Эдип сполз кровью зада в Большую Долину, где все спали, устав от игр, все спали, кроме одной молодой сиделки, которая гладила старого шута, который и белого грима не снял, а так и умирал, разбившись с высокого каната, и все орали, когда он там вертелся им на утеху, и все кричали, когда он вертелся белым лицом вниз, и все уснули, переспав со страхом и счастьем, а он вот тычется мордой в гриме к соскам сиделки, потому что кажется шуту, что он маленький и НИКТО не знает, что он старый-старый старик, и вот он обманет всех и попьет сладкой жизни в себя, а потом опять на ковер, опять РИТУАЛЬНЫЕ ИГРЫ, только теперь, судя по всему, гладиаторские. Остановка движения ударила Эдипа, он пошарил еще и еще своими задними, свился немного змеей, чтобы ТАК двинуться дальше, но нет, движения не было, была неподвижность и тишина, и ОЧЕНЬ не хотелось поднимать голову, хотя запахи были вот здесь, совсем рядом, те самые запахи, которые делали ему боль между ног и оторвали кусок хвоста, это были те самые запахи, но вдыхать их не было никаких сил, и глаза приоткрыть тоже не было сил, да и штука устала стоять на страже и размякла, успокоилась и несла благую неподвижность всем работникам Эдипа, рукам его и ногам, плечам, остатку хвоста, уродцу этому, дыркам прокушенных стоп, теплому носу, струйкам жара возле него, белым зубам и длинному, всегда мягкому языку. Эдип лежал на небольшой горке черного снега и тот остужал Эдипа, отдавал ему свой холод, и брал взамен тепло, и плавился струйкой новой реки, и Эдип облегченно раздул эту реку, и своей теплой жидкостью вылился Эдип под себя в ручей и следил, как тепло и благость от ЭТОГО растворялись под ним в сон.
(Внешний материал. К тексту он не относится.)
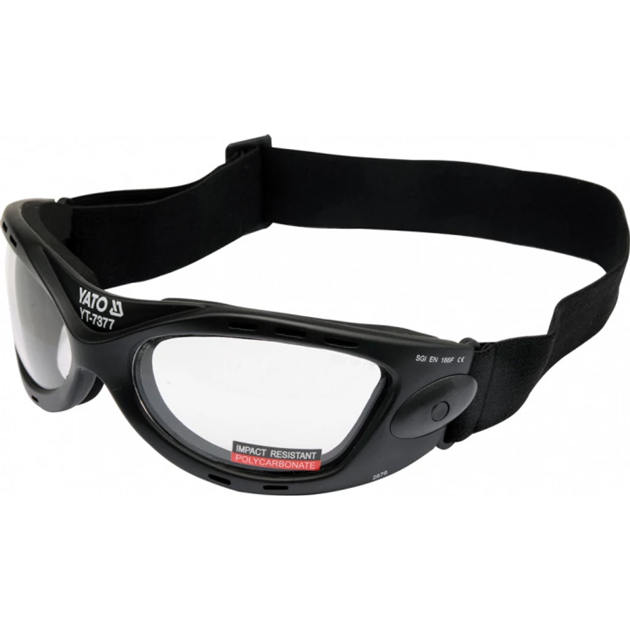 A szemüvegre emlékeztető vázszerkezetű YT-7377 védőszemüveg tökéletesen illeszkedik az arcra, a szemüveg nem csak elölről, hanem szinte minden oldalról védi a szemet, ezért poros körülmények között végzett munkához (pl. gitt kézi csiszolása) ajánlott. és olyan helyzetekben, amikor nem tudjuk megjósolni a feldolgozott anyagromlás irányát (pl. favágás szúrófűrésszel vagy rókafarkú eszközzel).

Так они спали в Большой Долине все, все, кто кричал и ярился сверху, и кто плакал на ковре, и зрители-птицы, и зрители-бабы, все спят сейчас, все, кроме одной, которая есть ПЕЧАЛЬ. Она смотрела сквозь темноту на Эдипа, который лежал грудой камней у начала тропы, она хотела бы подойти и к нему, и его облизать всего, потому что к ней приходил запах его крови и его ДЕТСКИХ МОКРЫХ ВОД, и особенно этот ДЕТСКИЙ звал в ней какую-то странность, которую она не знала прежде и которая была похожа на ее одинокость с сосущим стариком.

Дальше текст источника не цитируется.